With the material below, print exactly the lines between the line holding "微塑料對土壤生態(tài)系統(tǒng)多功能性的影響" and the line holding "In the event", inclusive. Add nothing else.

> [Records]:
§

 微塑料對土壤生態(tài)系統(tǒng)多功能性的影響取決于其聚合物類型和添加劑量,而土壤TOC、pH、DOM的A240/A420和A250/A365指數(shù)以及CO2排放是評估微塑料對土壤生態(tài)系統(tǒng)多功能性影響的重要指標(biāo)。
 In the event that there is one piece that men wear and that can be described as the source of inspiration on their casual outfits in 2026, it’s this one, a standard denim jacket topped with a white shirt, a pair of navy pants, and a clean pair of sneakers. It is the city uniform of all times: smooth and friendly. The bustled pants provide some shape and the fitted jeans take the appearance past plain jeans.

§

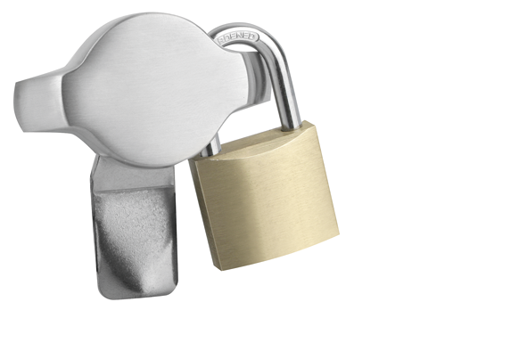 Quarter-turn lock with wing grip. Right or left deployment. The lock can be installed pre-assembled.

§

> [The completed task]:
 微塑料對土壤生態(tài)系統(tǒng)多功能性的影響取決于其聚合物類型和添加劑量,而土壤TOC、pH、DOM的A240/A420和A250/A365指數(shù)以及CO2排放是評估微塑料對土壤生態(tài)系統(tǒng)多功能性影響的重要指標(biāo)。
 In the event that there is one piece that men wear and that can be described as the source of inspiration on their casual outfits in 2026, it’s this one, a standard denim jacket topped with a white shirt, a pair of navy pants, and a clean pair of sneakers. It is the city uniform of all times: smooth and friendly. The bustled pants provide some shape and the fitted jeans take the appearance past plain jeans.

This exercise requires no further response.